[Items listed in a dataset]

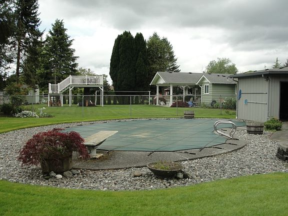 Opportunity knocks! 2136 square feet with 4+ bedrooms on 1/4+ acre lot w/in-ground pool! Classic NW rambler with double carport needs cosmetic updates to really sine- but what great bones to start with! Main living area boasts huge picture window, masonry fireplace with tiled hearth and wood paneling on the walls. Open concept kitchen with ample cabinetry, eating bar and full pantry. Adjacent dining space with additional storage. Large utility room. 4 bedrooms, including master w/private bath.
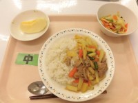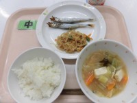 『今日の給食』 ごはん 焼きししゃも 切干大根の煮つけ キャベツのみそ汁 牛乳
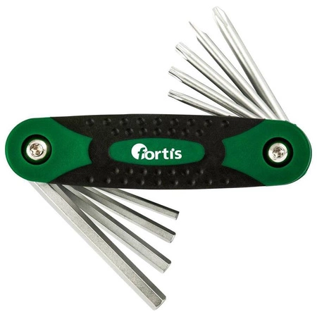 - Zestaw kluczy imbusowych marki FORTIS w wygodnym uchwycie scyzorkowym. W zestawie klucze z końcówką sześciokątną, płaską, krzyżową PH oraz TORX®.
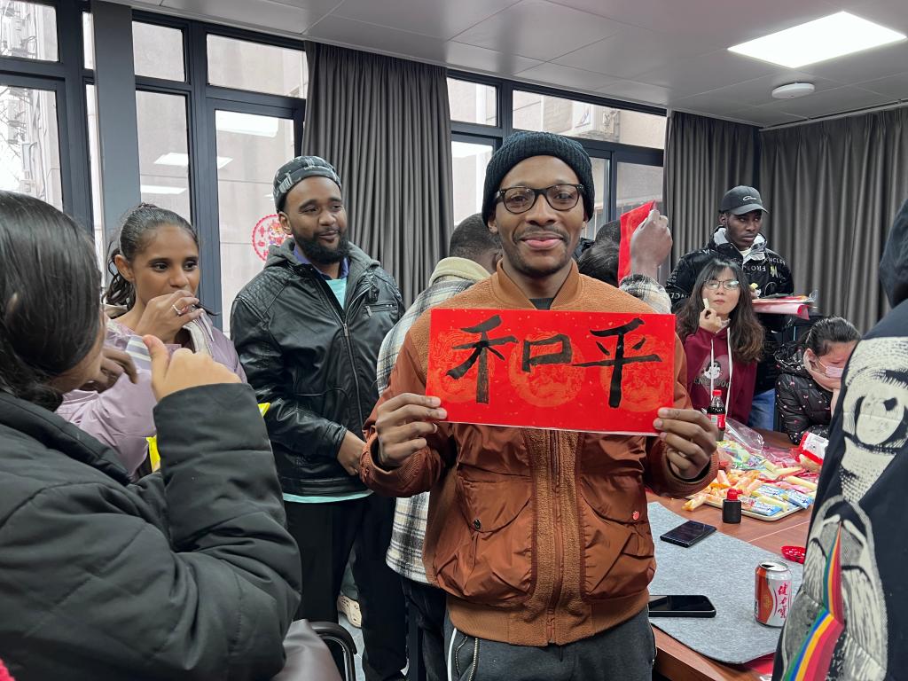 本次活动是学校为丰富留校学生寒假校园生活举办的系列活动之一,旨在让学生们体会年的味道、感受家的温暖、增进同学情谊。越南留学生陈维贵表示,“在这次迎新年活动中,我非常开心,收获很大,不仅体验到中国书法、剪纸等中华传统文化魅力,还认识了许多中国朋友,热闹欢快的氛围缓解了我对家乡的思念。”卢旺达留学生夏天表示,“作为一个在中国过春节的留学生来说,今天是我期待已久的一天。今天不仅是我第一次过中国的小年,也是第一次和中国同学一起玩中国传统游戏,我感受到了浓浓的中国年味,感谢学校给我们提供这样宝贵的机会。”刚果(金)留学生鲁安用毛笔写下了汉字“和平”,并表示,“非常高兴能够参加学校组织的迎新年活动,在民大的学习和生活让我受益匪浅,我时刻可以感受到民大和谐、平安的氛围,祝愿世界和平、明天更加美好。”文学与新闻传播学院学生蔡有发表示,“我在此次活动中的最大感受就是欢乐和温馨。同学们在初次见面时的相互问候、游戏中的互帮互助、写对联剪窗花的互动交流中,增进了彼此的了解和友谊。从每一位老师和同学脸上洋溢的幸福笑容中,我感受到浓浓的年味和家的温暖。”
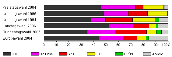 | Kreistagswahl 2004 | 54,4 | 45,8 | 28,0 | 6,0 | 16,1 | 1,0 | 3,1 | |
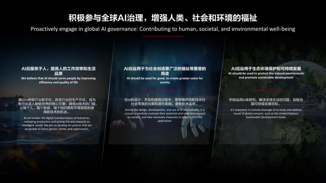 我們認為AI應(yīng)服務(wù)于人,提高人的工作效率和生活品質(zhì),通過AI使能行業(yè)數(shù)字化,改變行業(yè)的生產(chǎn)方式,成為各行業(yè)進入智能世界的核心引擎;要持續(xù)降低AI的技術(shù)門檻,讓每個人、每個家庭、每個組織擁有平等獲取和使用新技術(shù)的機會。同時,AI應(yīng)運用于為社會創(chuàng)造更廣泛的福祉等善意的用途,在AI的設(shè)計、開發(fā)和使用過程中,要審慎評估新技術(shù)對社會帶來的長期和潛在影響,避免技術(shù)濫用。以及,AI應(yīng)運用于生態(tài)環(huán)境保護和可持續(xù)發(fā)展,積極運用AI來研究、解決全球關(guān)注的問題,如聯(lián)合國可持續(xù)發(fā)展目標。

ABOUT THIS TASK >>
Leave out the pictures and transcribe the entries above exactly.

EXERCISE ANSWER >>
 Opportunity knocks! 2136 square feet with 4+ bedrooms on 1/4+ acre lot w/in-ground pool! Classic NW rambler with double carport needs cosmetic updates to really sine- but what great bones to start with! Main living area boasts huge picture window, masonry fireplace with tiled hearth and wood paneling on the walls. Open concept kitchen with ample cabinetry, eating bar and full pantry. Adjacent dining space with additional storage. Large utility room. 4 bedrooms, including master w/private bath.
 『今日の給食』 ごはん 焼きししゃも 切干大根の煮つけ キャベツのみそ汁 牛乳
 - Zestaw kluczy imbusowych marki FORTIS w wygodnym uchwycie scyzorkowym. W zestawie klucze z końcówką sześciokątną, płaską, krzyżową PH oraz TORX®.
 本次活动是学校为丰富留校学生寒假校园生活举办的系列活动之一,旨在让学生们体会年的味道、感受家的温暖、增进同学情谊。越南留学生陈维贵表示,“在这次迎新年活动中,我非常开心,收获很大,不仅体验到中国书法、剪纸等中华传统文化魅力,还认识了许多中国朋友,热闹欢快的氛围缓解了我对家乡的思念。”卢旺达留学生夏天表示,“作为一个在中国过春节的留学生来说,今天是我期待已久的一天。今天不仅是我第一次过中国的小年,也是第一次和中国同学一起玩中国传统游戏,我感受到了浓浓的中国年味,感谢学校给我们提供这样宝贵的机会。”刚果(金)留学生鲁安用毛笔写下了汉字“和平”,并表示,“非常高兴能够参加学校组织的迎新年活动,在民大的学习和生活让我受益匪浅,我时刻可以感受到民大和谐、平安的氛围,祝愿世界和平、明天更加美好。”文学与新闻传播学院学生蔡有发表示,“我在此次活动中的最大感受就是欢乐和温馨。同学们在初次见面时的相互问候、游戏中的互帮互助、写对联剪窗花的互动交流中,增进了彼此的了解和友谊。从每一位老师和同学脸上洋溢的幸福笑容中,我感受到浓浓的年味和家的温暖。”
 | Kreistagswahl 2004 | 54,4 | 45,8 | 28,0 | 6,0 | 16,1 | 1,0 | 3,1 | |
 我們認為AI應(yīng)服務(wù)于人,提高人的工作效率和生活品質(zhì),通過AI使能行業(yè)數(shù)字化,改變行業(yè)的生產(chǎn)方式,成為各行業(yè)進入智能世界的核心引擎;要持續(xù)降低AI的技術(shù)門檻,讓每個人、每個家庭、每個組織擁有平等獲取和使用新技術(shù)的機會。同時,AI應(yīng)運用于為社會創(chuàng)造更廣泛的福祉等善意的用途,在AI的設(shè)計、開發(fā)和使用過程中,要審慎評估新技術(shù)對社會帶來的長期和潛在影響,避免技術(shù)濫用。以及,AI應(yīng)運用于生態(tài)環(huán)境保護和可持續(xù)發(fā)展,積極運用AI來研究、解決全球關(guān)注的問題,如聯(lián)合國可持續(xù)發(fā)展目標。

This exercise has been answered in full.